(Saved entries)
===============

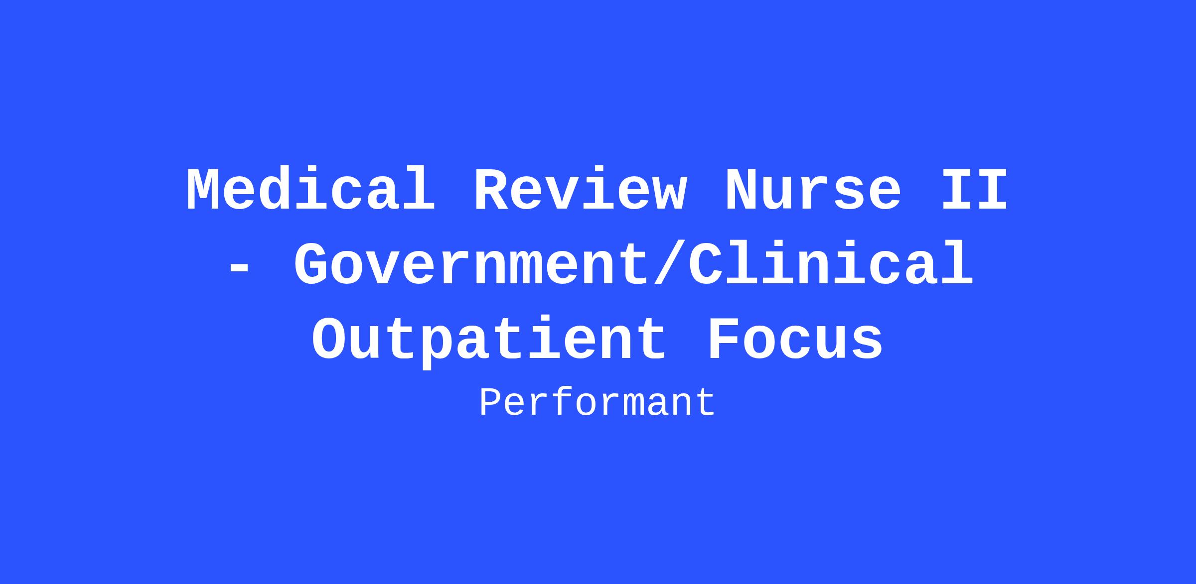 Hiring Range:$75,000 - $80,000The Medical Review Nurse II - Government/Clinical Outpatient Focus primarily performs medical claims audit reviews. As a MR Nurse, you will join a team of experienced medical auditors and coders performing retrospective and prepayment audits on claims for Government and Commercial Payers. You will work remotely in a fast paced and dynamic environment and be part of a multi-location team.
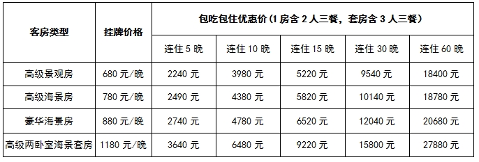 4)、高級兩臥室套房增加第四位候鳥入住(成人)收費120元/人/天(含三餐)。
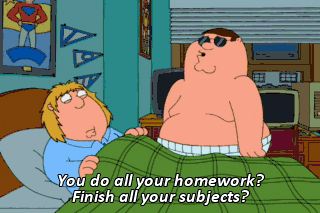 You do all your homework? Finish all your subjects? - Yes, sir. - Good. Just checking. Have a good night, Son. PETER: You still awake, honey? STEWIE: What the deuce?
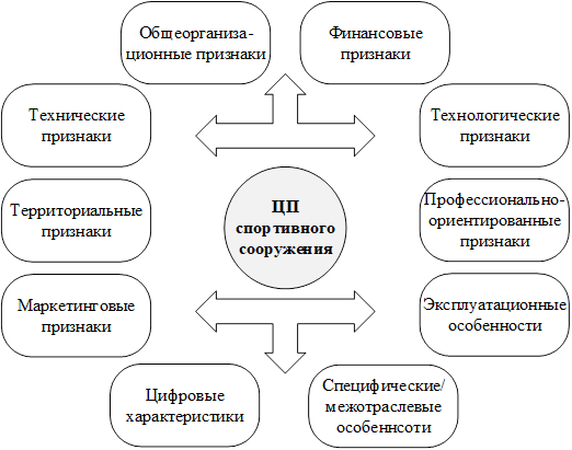 К группе общеорганизационных критериев можно отнести такие, как вид собственности, ведомственная принадлежность, организационно-правовая форма, включенность объекта в структуру спортивного кластера, уровень значимости: муниципальный, региональный, национальный, международный. Причём последний может быть соотнесён с уровнем проводимых соревнований. Так же в цифровом паспорте следует отразить специализацию согласно Всероссийскому реестру видов спорта, отношение к базовым видам спорта в регионе.
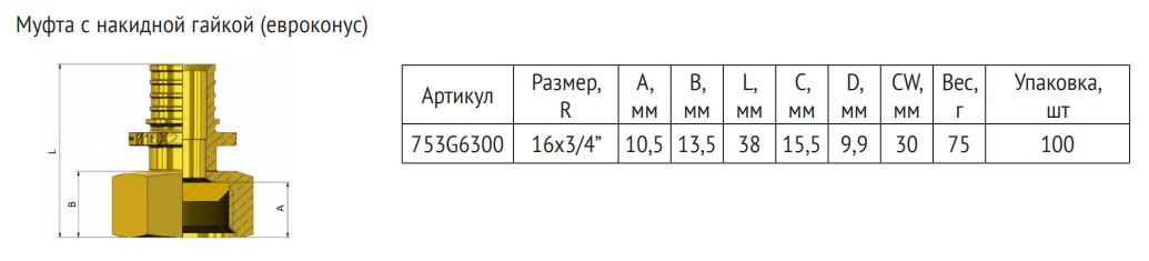 Муфта аксиальная-В 16 x 3/4"ЕК с накидной гайкой
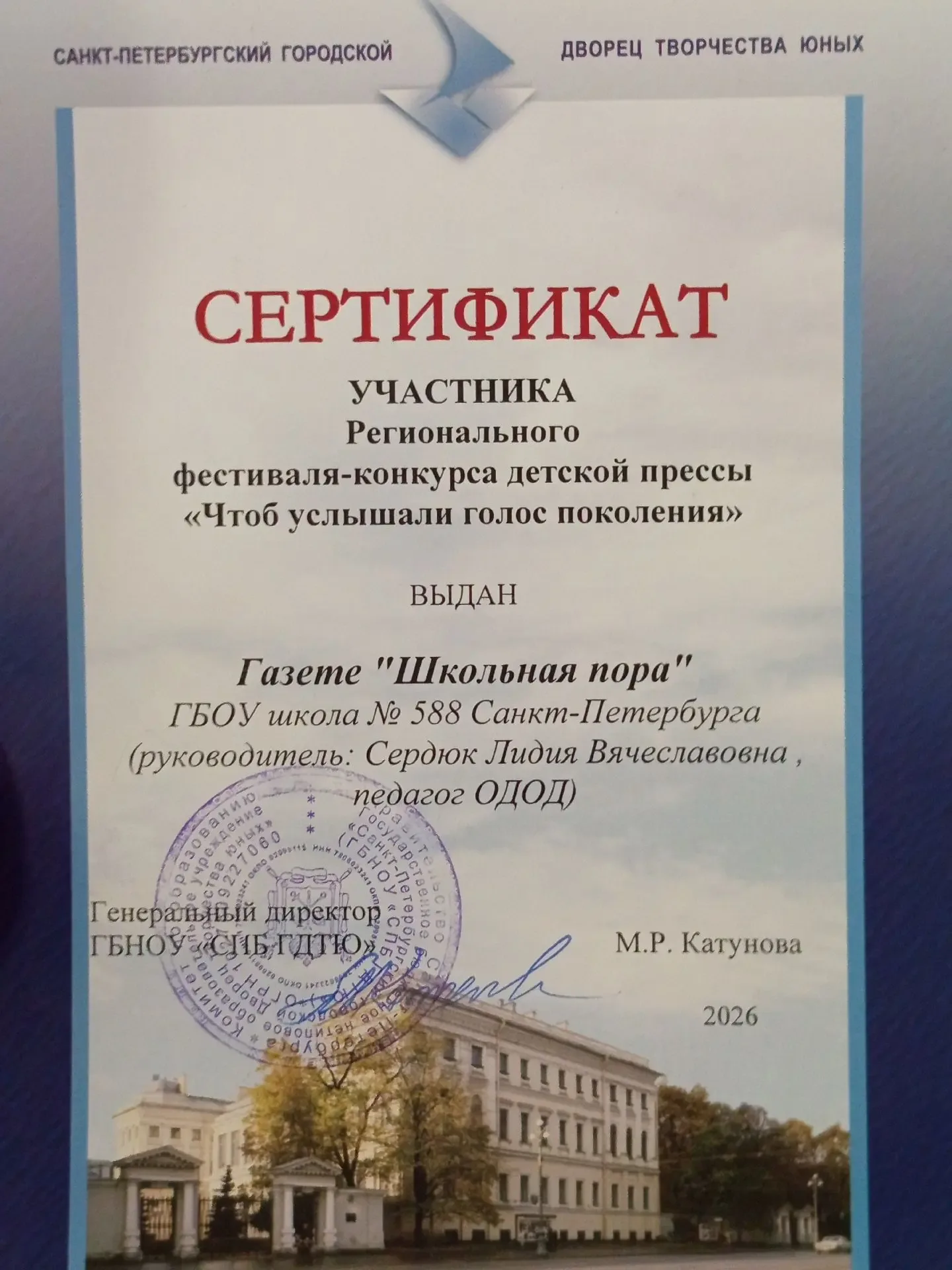 Канал @id7817027281_gos — это официальный информационный ресурс Государственного бюджетного общеобразовательного учреждения средняя общеобразовательная школа № 588 Колпинского района Санкт-Петербурга. Здесь вы найдёте актуальные новости, анонсы школьных мероприятий, важные объявления для учеников, их родителей и педагогов.

===============

- [Exercise description]:
Every line from the one with "4)、高級兩臥室套房增加第四位候鳥入住(成人)收費120元/人/天(含三餐)。" to the end of the records above should be restated word for word, and no picture belongs in the copy.

- [The completed task]:
 4)、高級兩臥室套房增加第四位候鳥入住(成人)收費120元/人/天(含三餐)。
 You do all your homework? Finish all your subjects? - Yes, sir. - Good. Just checking. Have a good night, Son. PETER: You still awake, honey? STEWIE: What the deuce?
 К группе общеорганизационных критериев можно отнести такие, как вид собственности, ведомственная принадлежность, организационно-правовая форма, включенность объекта в структуру спортивного кластера, уровень значимости: муниципальный, региональный, национальный, международный. Причём последний может быть соотнесён с уровнем проводимых соревнований. Так же в цифровом паспорте следует отразить специализацию согласно Всероссийскому реестру видов спорта, отношение к базовым видам спорта в регионе.
 Муфта аксиальная-В 16 x 3/4"ЕК с накидной гайкой
 Канал @id7817027281_gos — это официальный информационный ресурс Государственного бюджетного общеобразовательного учреждения средняя общеобразовательная школа № 588 Колпинского района Санкт-Петербурга. Здесь вы найдёте актуальные новости, анонсы школьных мероприятий, важные объявления для учеников, их родителей и педагогов.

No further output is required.